Because Goldwasser–Micali produces a value of size approximately |N| to encrypt every single bit of a plaintext, GM encryption results in substantial ciphertext expansion. To prevent factorization attacks, it is recommended that |N| be several hundred bits or more. Thus, the scheme serves mainly as a proof of concept, and more efficient provably-secure schemes such as ElGamal have been developed since.

Because encryption is performed using a probabilistic algorithm, a given plaintext may produce very different ciphertexts each time it is encrypted. This has significant advantages, as it prevents an adversary from recognizing intercepted messages by comparing them to a dictionary of known ciphertexts.

==Scheme definition==

Goldwasser–Micali consists of three algorithms: a probabilistic key generation algorithm which produces a public and a private key, a probabilistic encryption algorithm, and a deterministic decryption algorithm.

The scheme relies on deciding whether a given value x is a square mod N, given the factorization (p, q) of N. This can be accomplished using the following procedure:

1. Compute x_{p} = x mod p, x_{q} = x mod q.
2. If $x_p^{(p-1)/2} \equiv 1\pmod{p}$ and $x_q^{(q-1)/2} \equiv 1\pmod{q}$, then x is a quadratic residue mod N.

===Key generation===

The modulus used in GM encryption is generated in the same manner as in the RSA cryptosystem. (See RSA, key generation for details.)

1. Alice generates two distinct large prime numbers p and q, randomly and independently of each other.
2. Alice computes N = p q.
3. She then finds some non-residue x such that the Legendre symbols satisfy $\left(\frac{x}{p}\right)=\left(\frac{x}{q}\right)=-1$ and hence the Jacobi symbol $\left(\frac{x}{N}\right)$ is +1. The value x can for example be found by selecting random values and testing the two Legendre symbols.

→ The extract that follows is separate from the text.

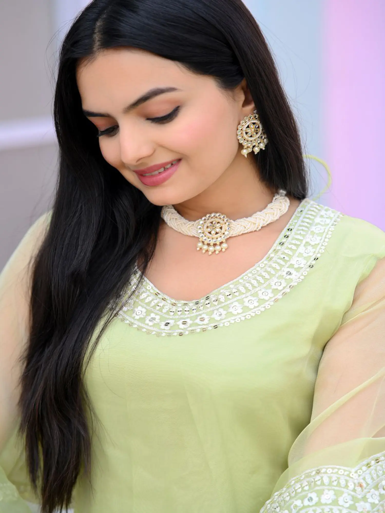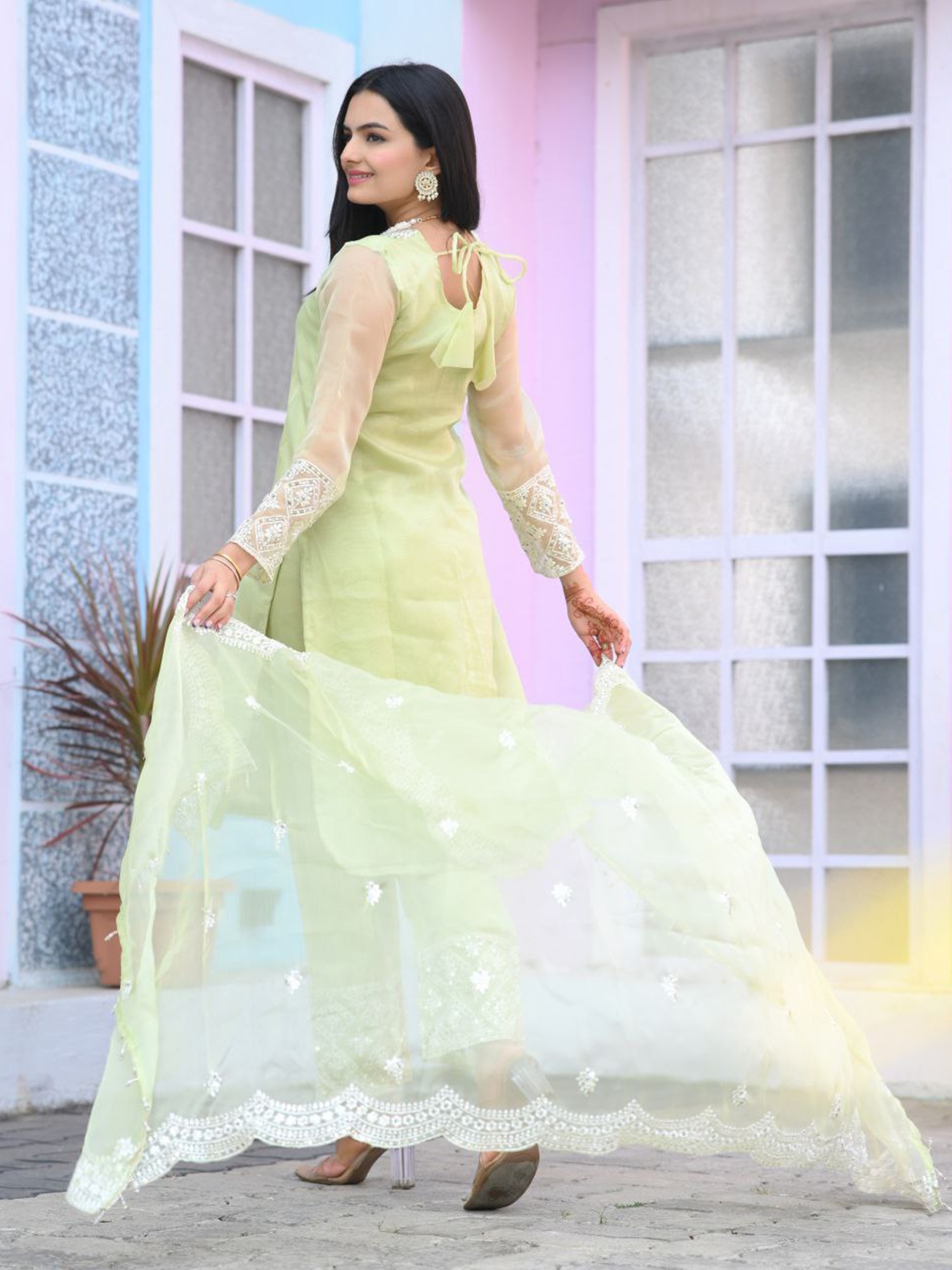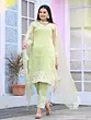 This designer kurta set is more than just an outfit; it's an experience in refined style. The combination of the refreshing beryl green organza and the detailed white embroidery creates a look that is both timeless and on-trend. It's the perfect choice for anyone looking to elevate their festive wardrobe with a piece that exudes grace, elegance, and impeccable craftsmanship. Pair it with statement jewelry and heels to complete a look that is sure to turn heads.

If p, q = 3 mod 4 (i.e., N is a Blum integer), then the value N − 1 is guaranteed to have the required property.

The public key consists of (x, N). The secret key is the factorization (p, q).

=== Message encryption ===

Suppose Bob wishes to send a message m to Alice:

1. Bob first encodes m as a string of bits (m_{1}, ..., m_{n}).
2. For every bit $m_i$, Bob generates a random value $y_i$ from the group of units modulo N, or $\gcd(y_i,N) = 1$. He outputs the value $c_i = y_i^2 x^{m_i}\pmod{N}$.

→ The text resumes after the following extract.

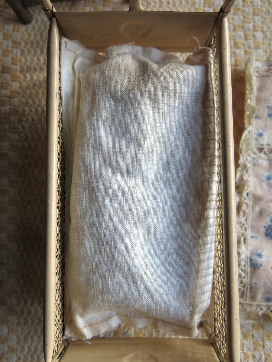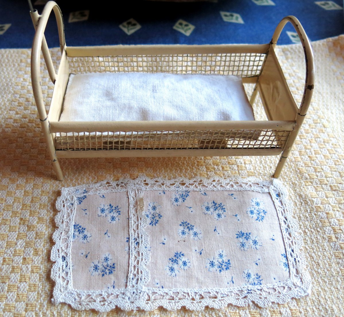 A little antique tin dolly bed from my friend the Dollhouse Lady came with an old mattress and coverlet. I decided to refurbish the bed so it could be used by the Quimper Hittys. Usually I retain the original materials without changing their essence, except for possibly wet-cleaning. This time I kept the original mattress materials, washed them (Constance says thank you) and altered them slightly.

Bob sends the ciphertext (c_{1}, ..., c_{n}).

=== Message decryption ===

Alice receives (c_{1}, ..., c_{n}). She can recover m using the following procedure:

1. For each i, using the prime factorization (p, q), Alice determines whether the value c_{i} is a quadratic residue; if so, m_{i} = 0, otherwise m_{i} = 1.

Alice outputs the message m = (m_{1}, ..., m_{n}).

=== Security properties ===

There is a simple reduction from breaking this cryptosystem to the problem of determining whether a random value modulo N with Jacobi symbol +1 is a quadratic residue. If an algorithm A breaks the cryptosystem,
then to determine if a given value x is a quadratic residue modulo N, we test A to see if it can break the cryptosystem using (x,N) as a public key. If x is a non-residue, then A should work properly. However, if x is a residue, then every "ciphertext" will simply be a random quadratic residue, so
A cannot be correct more than half of the time. Furthermore, this problem is random self-reducible, which ensures that for a given N, every public key is just as secure as every other public key.

The GM cryptosystem has homomorphic properties, in the sense that if c_{0}, c_{1} are the encryptions of bits m_{0}, m_{1}, then c_{0}c_{1} mod N will be an encryption of $m_0 \oplus m_1$. For this reason, the GM cryptosystem is sometimes used in more complex cryptographic primitives.